Abstract
An order level inventory model for seasonable/fashionable products subject to a period of increasing demand followed by a period of level demand and then by a period of decreasing demand rate (three branches ramp type demand rate) is considered. The unsatisfied demand is partially backlogged with a time dependent backlogging rate. In addition, the product deteriorates with a time dependent, namely, Weibull, deterioration rate. The model is studied under the following different replenishment policies: (a) starting with no shortages and (b) starting with shortages. The optimal replenishment policy for the model is derived for both the above mentioned policies.
Highlights
It is observed that the life cycle of many seasonal products, over the entire time horizon, can be portrayed as a period of growth, followed by a period of relatively level demand and finishing with a period of decline
The purpose of the present paper is to study an order level inventory model when the demand is described by a three successive time periods that classified time dependent ramp-type function
The previous analysis shows that t∗1 is independent from the demand rate D t. This very interesting result agrees with the classical result, in many order level inventory systems, that the point t∗1 is independent from the demand rate Naddor 31, page 67
Summary
It is observed that the life cycle of many seasonal products, over the entire time horizon, can be portrayed as a period of growth, followed by a period of relatively level demand and finishing with a period of decline.
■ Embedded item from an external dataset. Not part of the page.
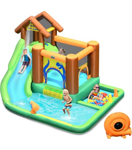 CostwayAire de Jeux Château Gonflable Enfant avec Souffleur 610W Pataugeoire Mur d'Escalade Canon à Eau Trampoline Intégré Balles Colorées

Chen et al 30 proposed a net present value approach for the previous inventory system without shortages For both models, the demand rate is a revised version of the Beta distribution function and so is a differentiable with respect to time. The purpose of the present paper is to study an order level inventory model when the demand is described by a three successive time periods that classified time dependent ramp-type function. Any such function has points, at least one, where differentiation is not possible, and this introduces extra complexity in the analysis of the relevant models.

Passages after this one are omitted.